WORK INSTRUCTION:
Begin at the top of the records below and print each line exactly until the line containing "連續二天,新疆塔城市農九師164團上千職工圍堵團機關大樓抗議示威。(網絡圖片)" has been printed; any pictures are to be left out.
>>>
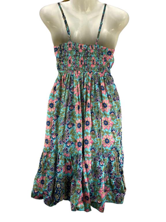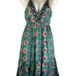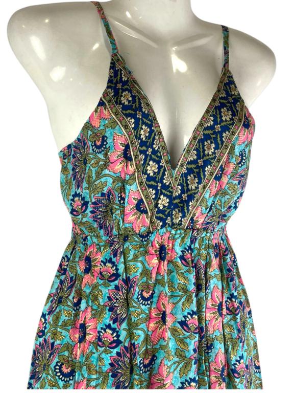 Vestido Largo Artesanal en Seda India con Diseño de Flores, Tirantes, Cuello en V y Espalda Descubierta para Mujer. Fabricado en India.
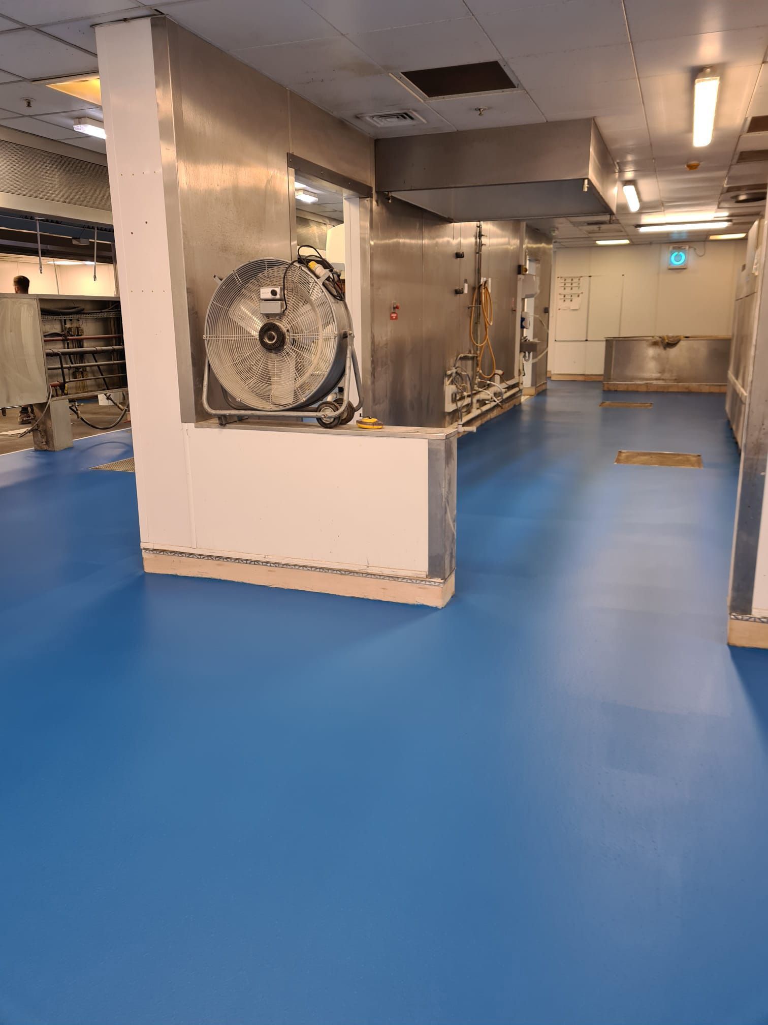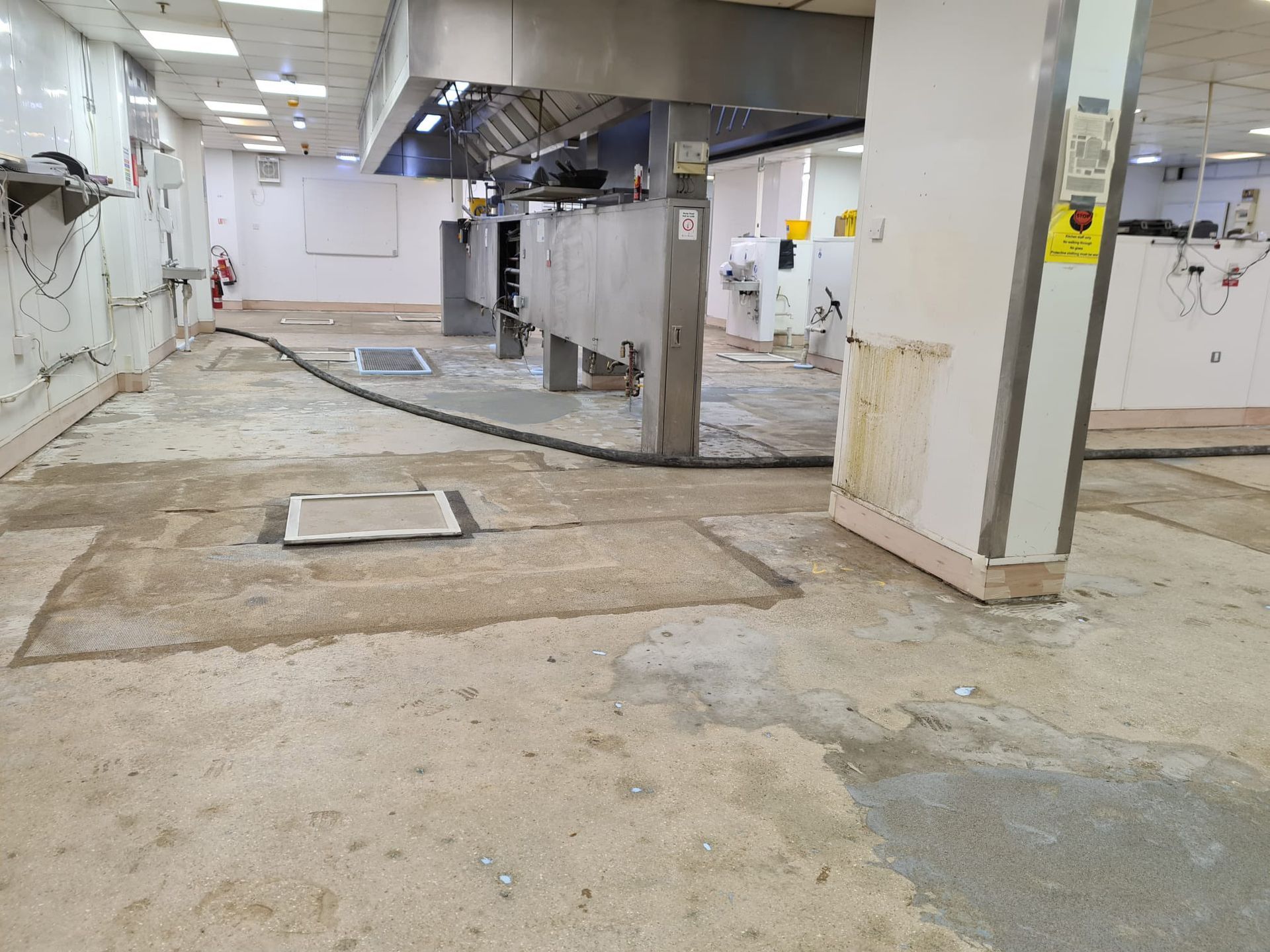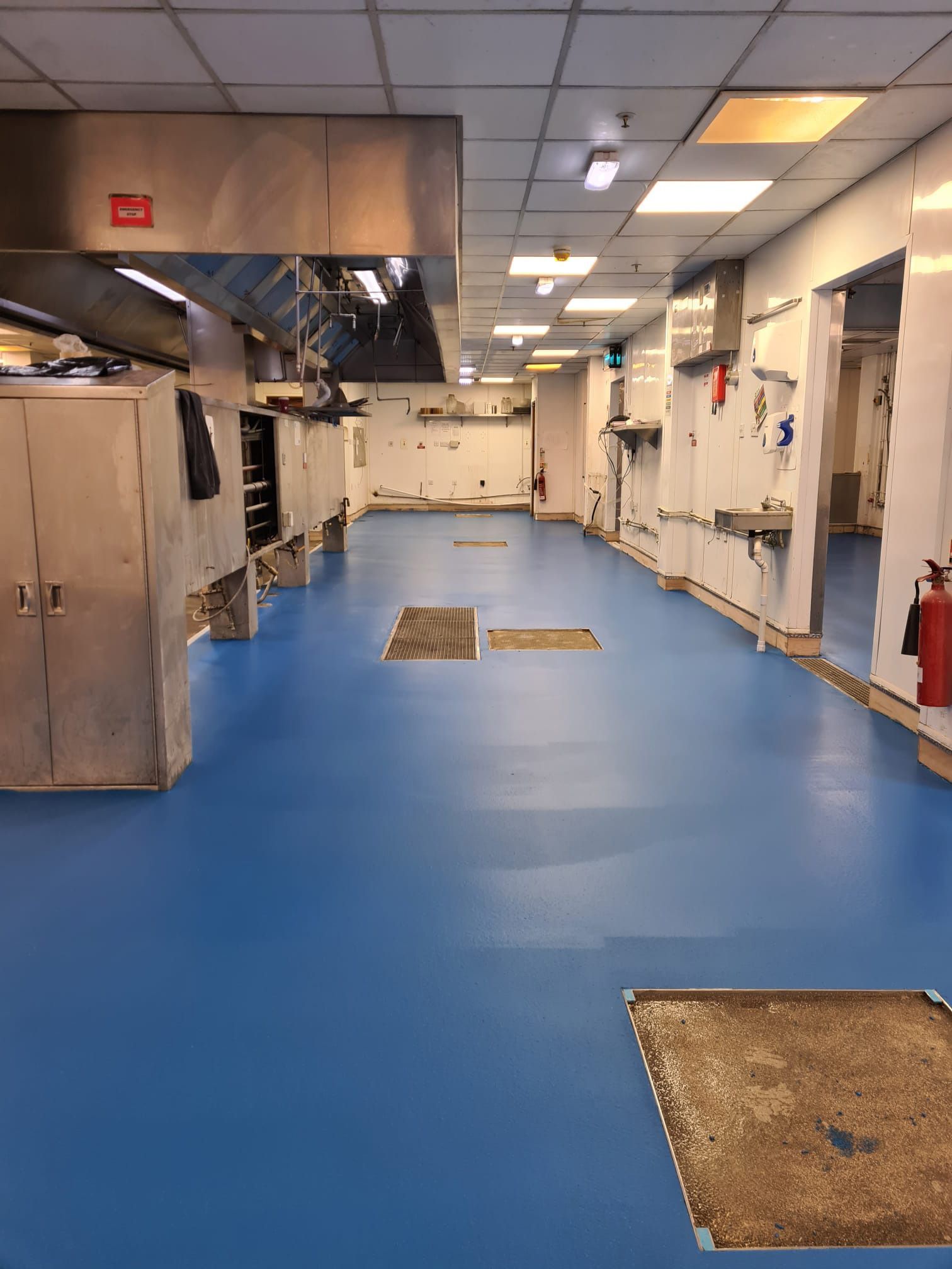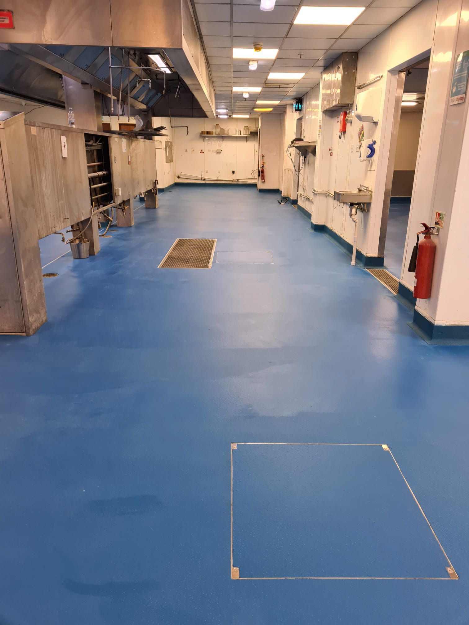This is a job in a commercial kitchen in a big hotel by Southampton docs. Complete take out of existing old floors and cove edgings. Replacement floor is polyurethane HF 6MM.
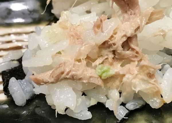 竜マークが付いたおにぎり。ツナマヨの中に「刻みワサビ」が少し入っており、絶妙なアクセントになっています。
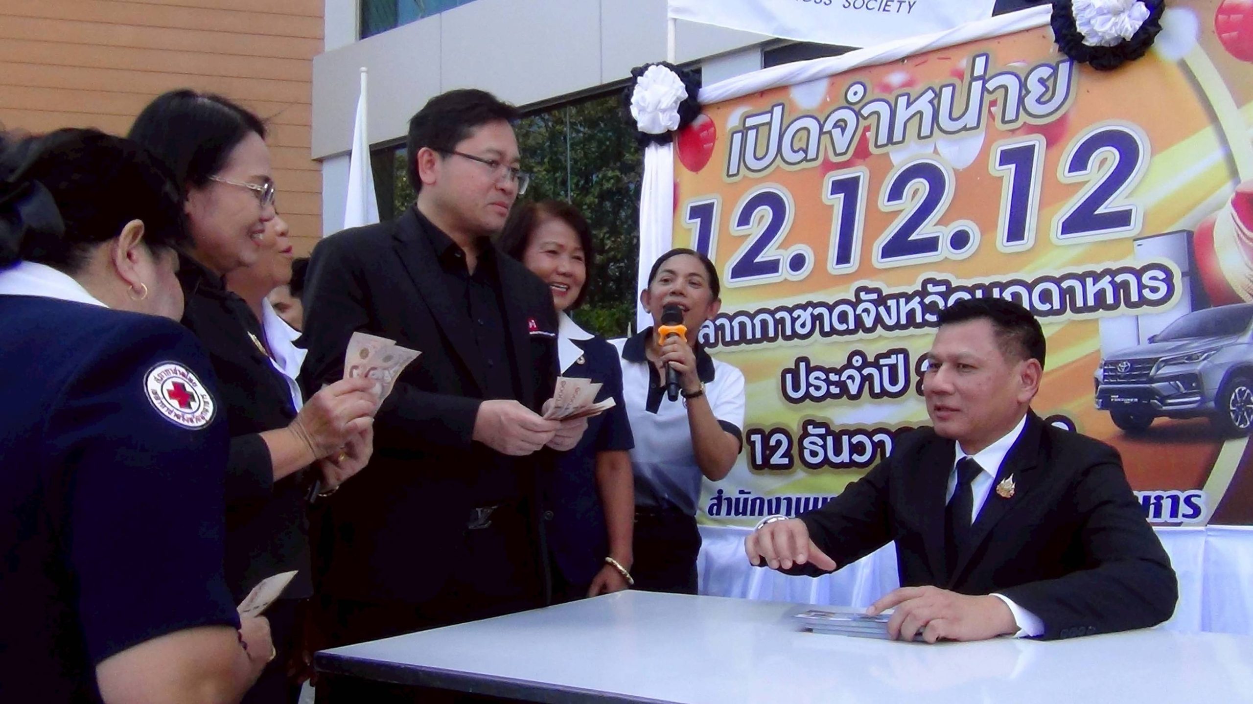 มุกดาหาร พ่อเมืองมุกดาหาร เปิดจำหน่ายสลากกาชาดให้ชาวมุกดาหารประจำปี 2569
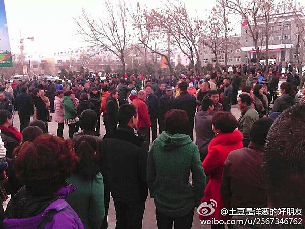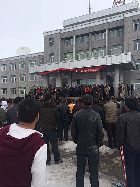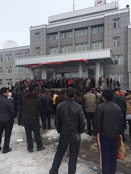 連續二天,新疆塔城市農九師164團上千職工圍堵團機關大樓抗議示威。(網絡圖片)
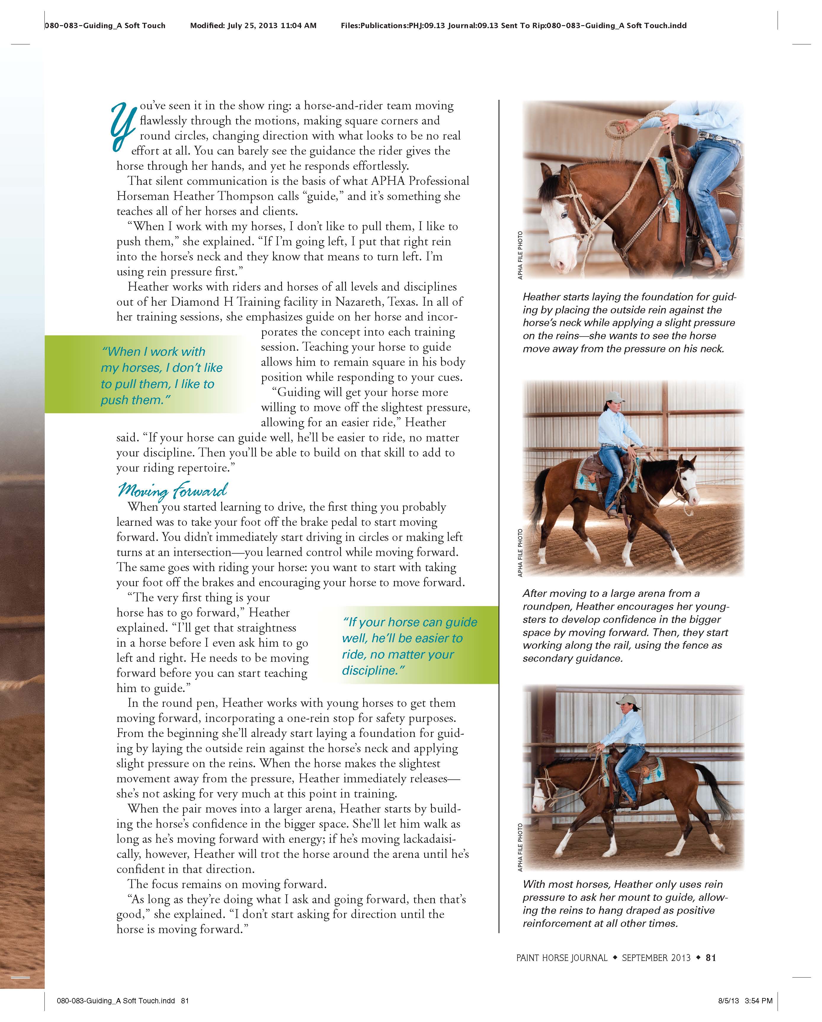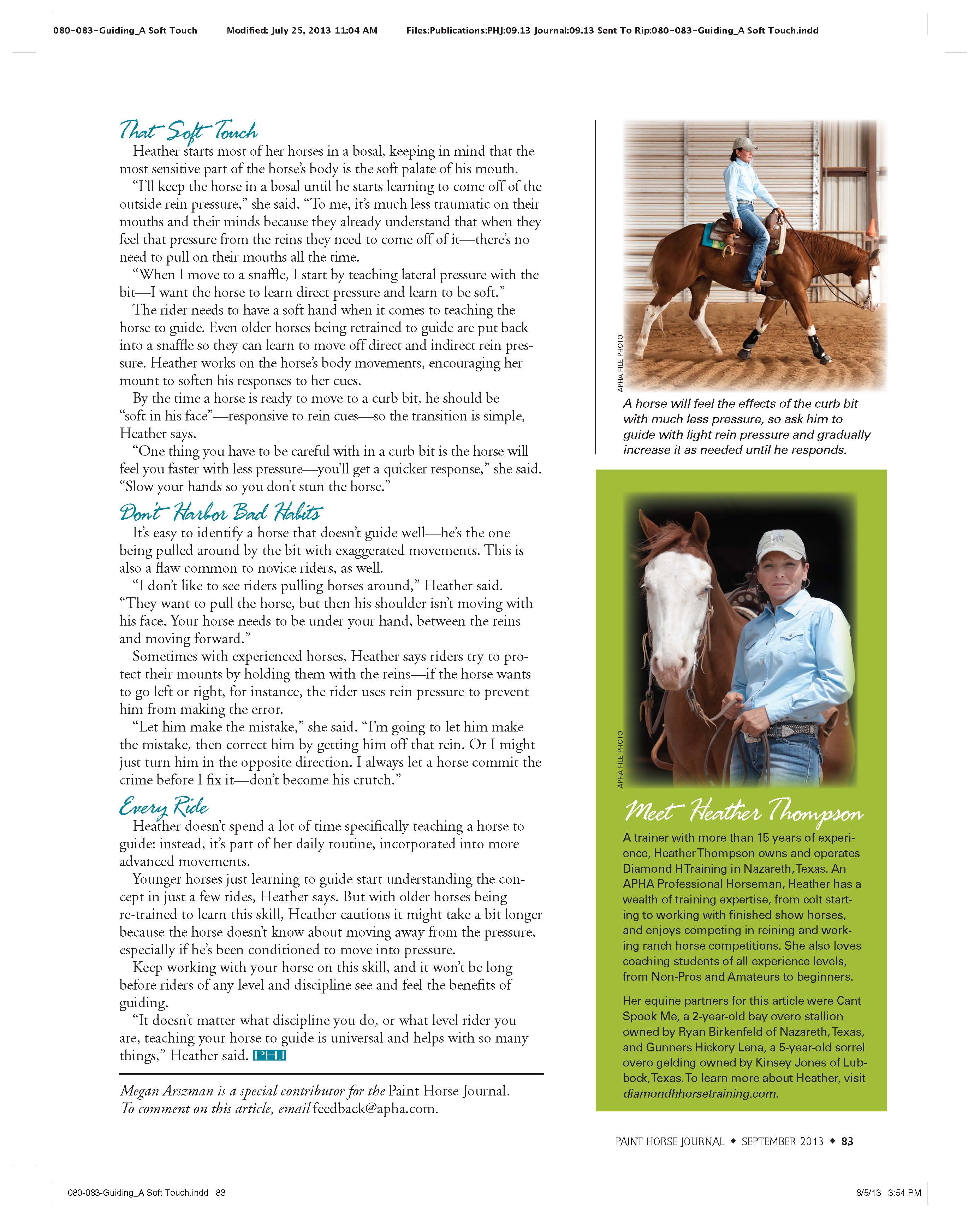 That silent communication is the basis of what American Paint Horse Association Professional Horseman Heather Thompson calls “guide,” and it’s something she teaches all of her horses and clients.
<<<
TASK OUTPUT:
 Vestido Largo Artesanal en Seda India con Diseño de Flores, Tirantes, Cuello en V y Espalda Descubierta para Mujer. Fabricado en India.
This is a job in a commercial kitchen in a big hotel by Southampton docs. Complete take out of existing old floors and cove edgings. Replacement floor is polyurethane HF 6MM.
 竜マークが付いたおにぎり。ツナマヨの中に「刻みワサビ」が少し入っており、絶妙なアクセントになっています。
 มุกดาหาร พ่อเมืองมุกดาหาร เปิดจำหน่ายสลากกาชาดให้ชาวมุกดาหารประจำปี 2569
 連續二天,新疆塔城市農九師164團上千職工圍堵團機關大樓抗議示威。(網絡圖片)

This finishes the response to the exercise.